The overcrowding The Council has assessed the space Miss Q’s family needs against both its own local definition and the nationally set criteria. While this does not match how Miss Q and her family use the flat, the Council was not at fault in carrying out the assessment in this way. So I cannot uphold this part of the complaint.

The social welfare panel referral The Council accepts it did not act upon a referral from a Councillor in May 2021. That referral names Ms N, but not Miss Q.

The Councillor made a new referral in October 2021. That led the Council to granting Miss Q band 2 welfare priority. But the Council also sought evidence that allowed it to award Miss Q a good tenant status on its register before then. I see no fault in its consideration of that increased priority.
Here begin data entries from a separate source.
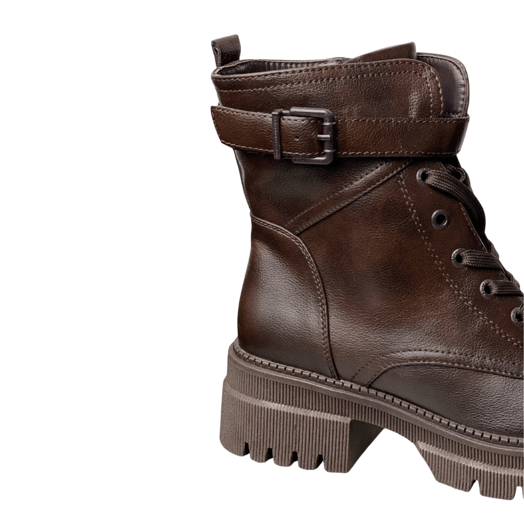 Bota Mooncity Feminina Marrom Coturno Tratorado com Fivela
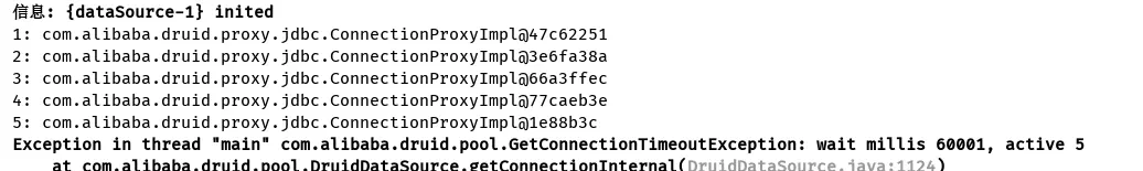这是我的配置文件,初始化连接数是3,最大连接数是5
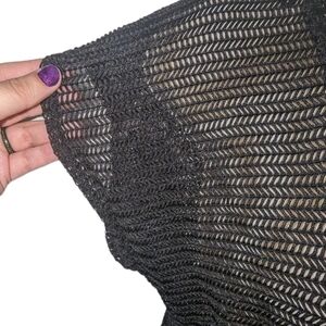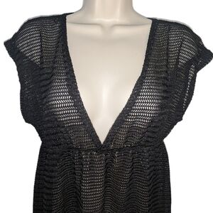 This cover up is in gently used condition. It is a lightweight stretchy mesh material. It has a v neck and a fitted elastic waist.
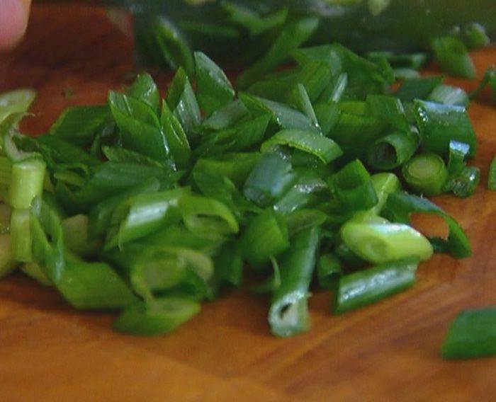 Зеленый лук мелко нарезать.
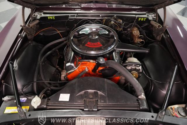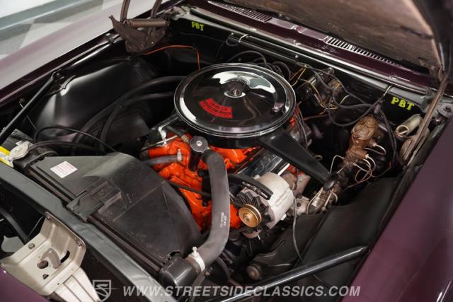 As you raise the hood, don\'t let the stock configuration of the engine compartment lead you to the conclusion that this Chevy hasn\'t seen the attention needed to keep it running in top mechanical form. Its 350-cubic-inch V8 is fed by a 4-barrel Quadrajet carburetor and is running smooth and strong, sending a nice, rich note out of the dual exhaust and combining with a 2-speed automatic Powerglide transmission to provide an outstanding experience behind the wheel. Power steering makes this vintage muscle car easy to maneuver, and the upgraded suspension that comes via its elevated Super Sport status yields strong cornering ability.
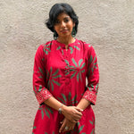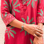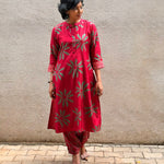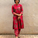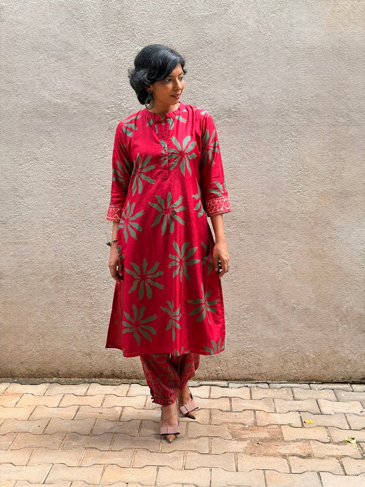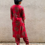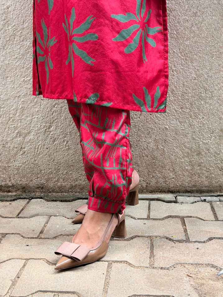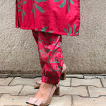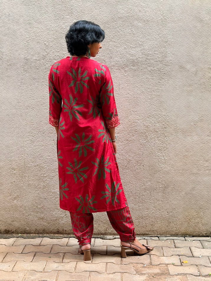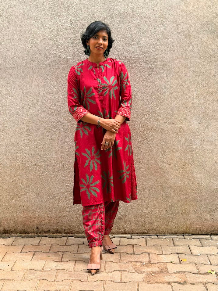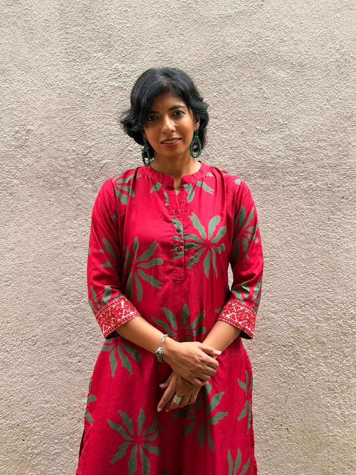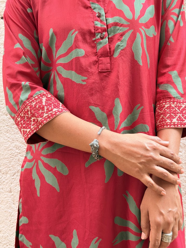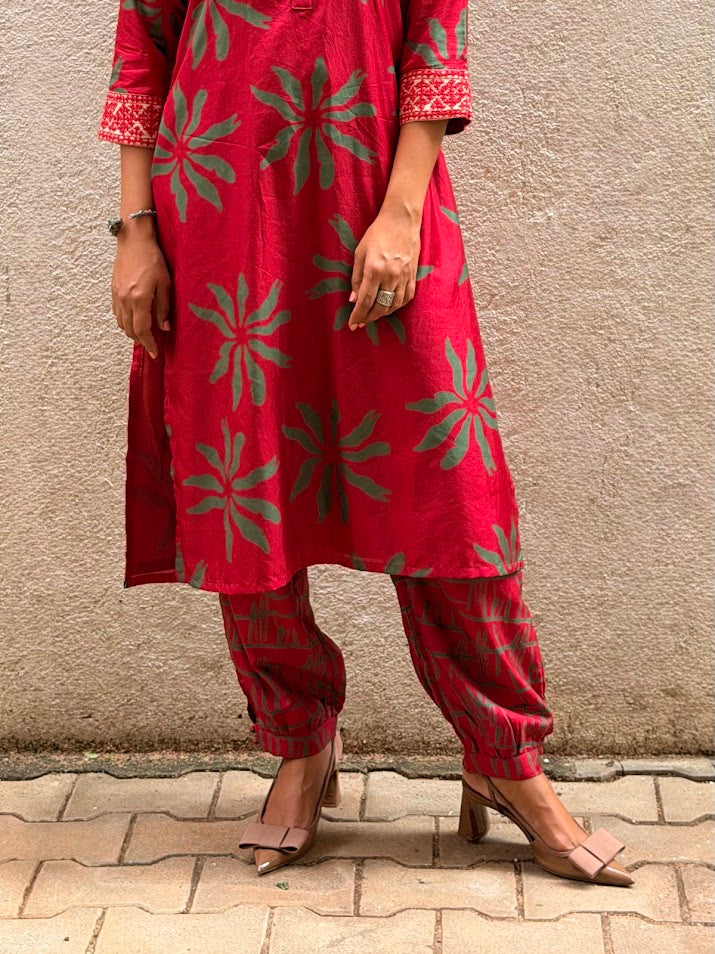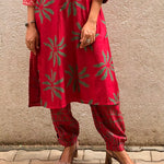 - Red silk kurta with green floral prints for a bold and festive colour‑story.

Did the fault cause an injustice?

The delay in the medical priority referral will have caused Miss Q some unnecessary time and trouble. It will also have been frustrating for her. But the injustice for this fault is limited by the fact that, when the Council did consider the extra information, it did not increase her priority.

Agreed action

I recommended that, within a month of my final decision, the Council should: apologise to Miss Q for the avoidable delays in looking at her medical priority applications; make Miss Q a symbolic payment of £100 as a recognition of the unnecessary time and trouble and frustration the delays will have likely caused her.

The Council has agreed to my recommendations

Final decision

I uphold the complaint. The Council has agreed to my recommendations, so I have ended my investigation.